Avrupa Yeşim Mutabakatı’nda yer verilen Sınırda Karbon Düzenleme Mekanizması ve Emisyon Ticaret Sistemi ile ilgili olarak Başkan Tekin, şunları söyledi: “Tekstil, hazır giyim ve konfeksiyon 2023’te sınırda karbon vergisi uygulanacak sektörler arasında yer almıyor. Büyük ihtimalle 2026 yılında listeye eklenebileceği öngörülüyor. Sınırda karbon vergisinin ton başına 30-50 avro olarak düzenleneceği var sayılıyor. Bu uygulamanın sektörümüze yıllık 150-190 milyon avro düzeyinde ek maliyet getirmesi söz konusu olacak. Avrupa Komisyonu, karbon ayak izi hesaplamalarında üretim öncesi, üretim ve tüketim süreçlerini bütüncül bir yaklaşımla ele alıyor. Dolayısıyla tekstil ham maddeleri üretimi sırasında yoğun enerji tüketilmesi, hazır giyim ve konfeksiyon sektörünü de etkileyecek. Bu çerçevede 2026 yılına kadar olan süreyi çok iyi değerlendirerek yaptırımlar devre alınmadan üretim altyapımızı belirlenen kriterlere uygun hale getirmemiz gerekiyor. Sektörümüzün karbon salımının ölçülmesi ve düzenli olarak raporlanması için güçlü bir sistem kurmamız bir tercih değil zorunluluk olarak öne çıkıyor. Yeni yatırımlarda Avrupa Yeşil Mutabakatı hedeflerini ve karbon salım oranlarını göz önünde bulundurmalı, modern teknolojiler kullanarak karbon salımını, enerji tüketimini ve atık miktarını azaltmalıyız. Üretim süreçlerinde sürdürülebilir ve geri dönüştürülebilir malzemelerin kullanımına yoğunlaşmalıyız. Üretim ve dağıtım süreçlerinde de yenilenebilir enerjiyi tercih etmeliyiz.”

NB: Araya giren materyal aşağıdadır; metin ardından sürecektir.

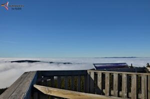 V úterý 27. října zakryla Šumavu nízká inverzní oblačnost. Ze satelitního snímku bylo dobře patrné, že z nízké oblačnosti vystupují jen nejvyšší vrcholky, což dobře
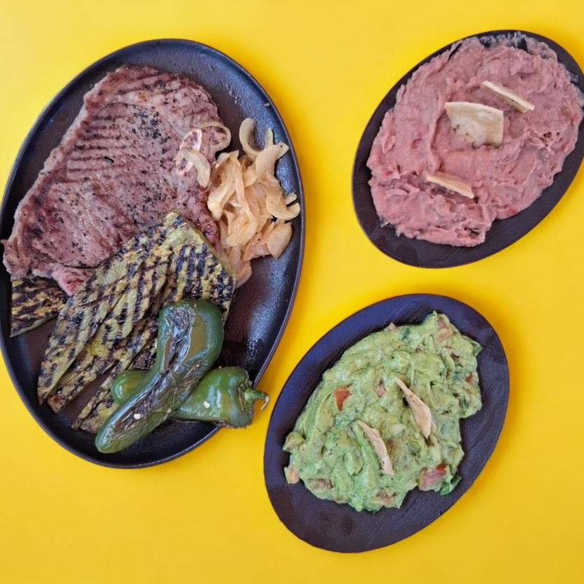 CON FRIJOL GUACAMOLE NOPAL Y TORTILLAS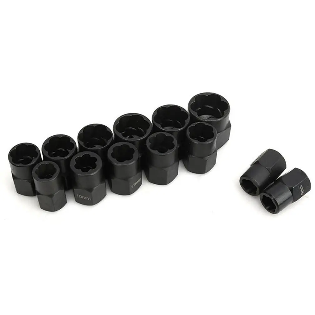 Особенности: Это набор из 10 прочных инструментов, помогающих удалить гайки, болты, головки винтов, шпильки и т. д. Подходит для головок размером 9, 10, 11, 12, 13, 14, 15, 16, 17 и 19 мм. Зубцы спиральной резки обеспечивают положительный захват для удаления закругленных или поврежденных болтов. Изготовлены из твердого сплава, обладают высокой прочностью и долговечностью. Описание: Эти инструменты можно управлять метрическим гаечным ключом или розеткой для быстрой работы. Все эти инструменты упакованы в чехол для удобного хранения и транспортировки. Характеристики: Материал: сплав Цвет: черный Посылка 1x13 шт./компл. набор для снятия гаек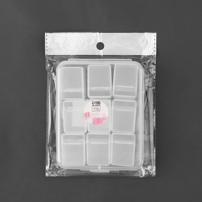 Набор контейнеров для хранения мелочей, 9 шт, 3,4 × 2,5 × 2,3 см, в контейнере, 11,5 × 9 × 2,7 см, цвет прозрачный

‘Sektörel Kümelenme Projesi ile üyelerimizin rekabet gücü artacak’
AHKİB’in gündemindeki bir başka konu başlığının rekabetçiliğin güçlendirilmesi olduğunu aktaran Başkan Gürkan Tekin, Ticaret Bakanlığı tarafından desteklenen ve Akdeniz İhracatçı Birlikleri (AKİB) koordinasyonunda hazır giyim ve konfeksiyon firmalarına yönelik Sektörel Kümelenme Projesi’ni de hayata geçirileceklerini açıkladı. Hazır giyim ve konfeksiyon firmalarının uluslararası pazarlarda rekabet güçlerinin artırılması ve sürdürülebilir ihracat hedeflerine ulaşması amacıyla başlattıkları projenin üç yıl süreyle devam edeceğini ve başvuruların 25 Ağustos tarihine kadar yapılabileceğini kaydeden Başkan Tekin, URGE projesi ile üye firmalara ihtiyaç analizinden eğitim ve danışmanlık faaliyetlerine, B2B görüşmelerinden uluslararası fuar ve iş gezilerine kadar geniş bir yelpazede destek vererek bölgenin ihracatını daha da artırmak için çalışacaklarını ifade etti.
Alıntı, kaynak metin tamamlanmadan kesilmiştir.